When I opened up about my experiences with religious indoctrination on Facebook a little while ago, a relative expressed shock anyone could believe the things I believed for so long. I knew they were defensive because they didn’t like my criticism of Christianity, and their faith was of a more liberal variety, but it still stung. Their thoughtless implication was that I was stupid to have accepted the beliefs I was raised with for so long.

When I started writing about my experience leaving religious fundamentalism behind and shedding the indoctrination that I’d been raised with, I noticed something: it took me so long to break free because for most of the years during which I struggled, I had no personal help on my journey. I was, in fact, being actively impeded and slowed by some of my nearest and dearest.

When I finally made some friends that were supportive of my journey, because they’d already traveled the route or were somewhere ahead of me still working on it themselves, I made progress so quickly that the people that had impeded or slowed or feared changes in my life were unsettled. They saw me as enormously and quickly changed from who I had been.

The truth was that I was finally becoming myself – the self I could glimpse in my childhood, the self that had been taught they weren’t acceptable the way they were and that they must be transformed into someone else entirely. Religious indoctrination had turned me into my own worst enemy, convinced that the real me was a blight on my soul that must be eradicated. I was weaponized against myself. I didn’t harm my body but I sliced my psyche to ribbons.

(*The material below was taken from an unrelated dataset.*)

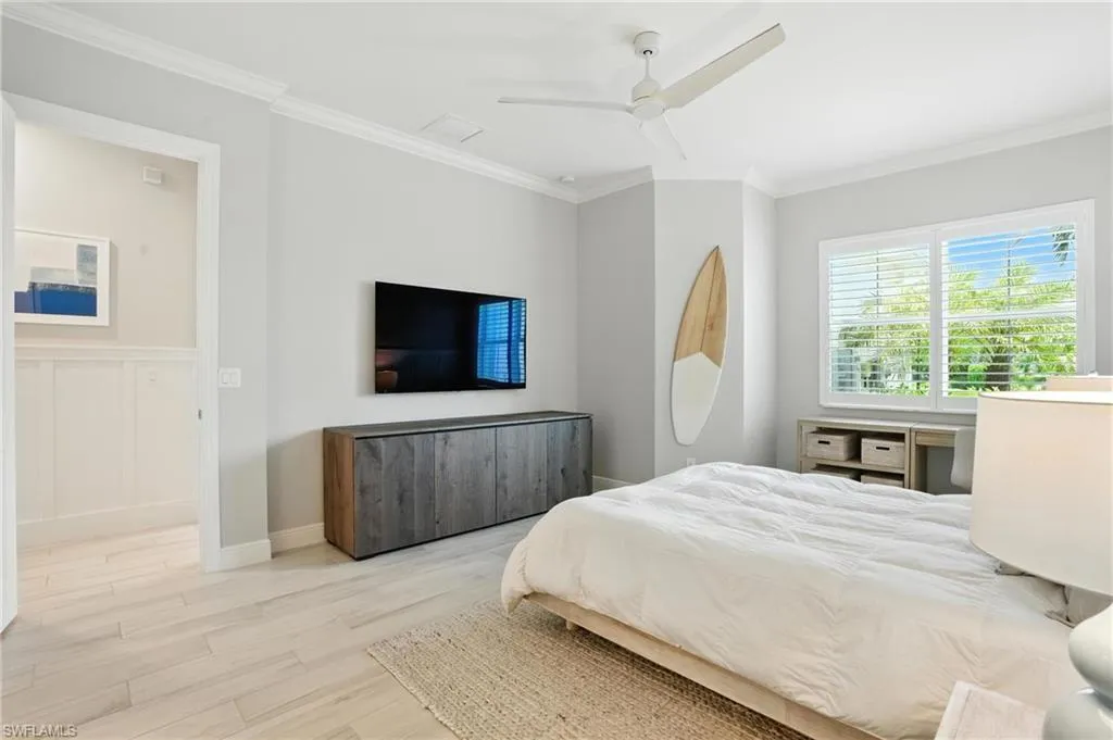 Welcome to effortless Florida living in the gated community of Azure at Hacienda Lakes. This beautifully maintained 2-bedroom, 2-bath home offers 1,645 square feet of thoughtfully designed living space and is being sold fully furnished with high-end pieces from Pottery Barn and West Elm. Step inside to find wall-to-wall tile flooring, detailed crown molding and wainscoting, and a neutral palette freshly repainted throughout. The open-concept layout flows seamlessly to a covered lanai overlooking a tranquil lake—your personal backdrop for morning coffee or evening relaxation. Both the primary and guest bedrooms feature custom-built walk-in closets, thoughtfully designed and ready for your clothes, shoes, and accessories. Additional storage upgrades include a built-in hallway pantry and generous cabinetry in the laundry room, which is also pre-plumbed for a utility sink.

So much of my life has involved being unseen, unsupported and unacceptable. Disappointing myself because I couldn’t live up to people’s expectations. Feeling abnormal because the way I experienced life didn’t appear to match the way other people experienced life. People placed templates on me and I usually thought they had every right to do so. I tried to fit those templates, tried and failed, repeatedly.

Over the course of my existence every major part of me was expected to be a certain way and conform to certain standards. My faith, my gender expression, my sexual orientation, my sex life, my procreation, my parenting, my domestic existence, my emotional bonding, my appearance, even my communication – all of it expected to conform to preset average, easily understood and manageable, so the people in my life could see the behavior and responses they expected and be comfortable with my existence.

Maybe it would have been a little easier if I’d been standard in most ways, but the random number generator wanted me to be an outlier. Genderqueer, bisexual, demisexual. My biological clock never turned on. I don’t want a homey nest and roots. I’m both analytical and highly empathetic. I feel things strongly but the biochemical process in my brain never shuts down the part responsible for logic and reasoning. This means I can make calm decisions while literally shaking from a flight or fight reaction. I could have a discussion about philosophy while in the middle of intercourse. I crave intense connections and dread shallow socialization.

I don’t know why I’m this way, I think this is just how I am, I would say, but that wasn’t the acceptable answer. I just wasn’t trying the right things the right way in order to experience life the way other people did. I, too, could know what life was like for them if I just followed their advice and suggestions and criticisms. When I tried, and failed, it was my imperfect efforts at fault, not that the advice and suggestions were useless for me.

It would be nice to feel seen, accepted and liked on a more frequent basis – liked not for what I’m imagined to be, but for what I am.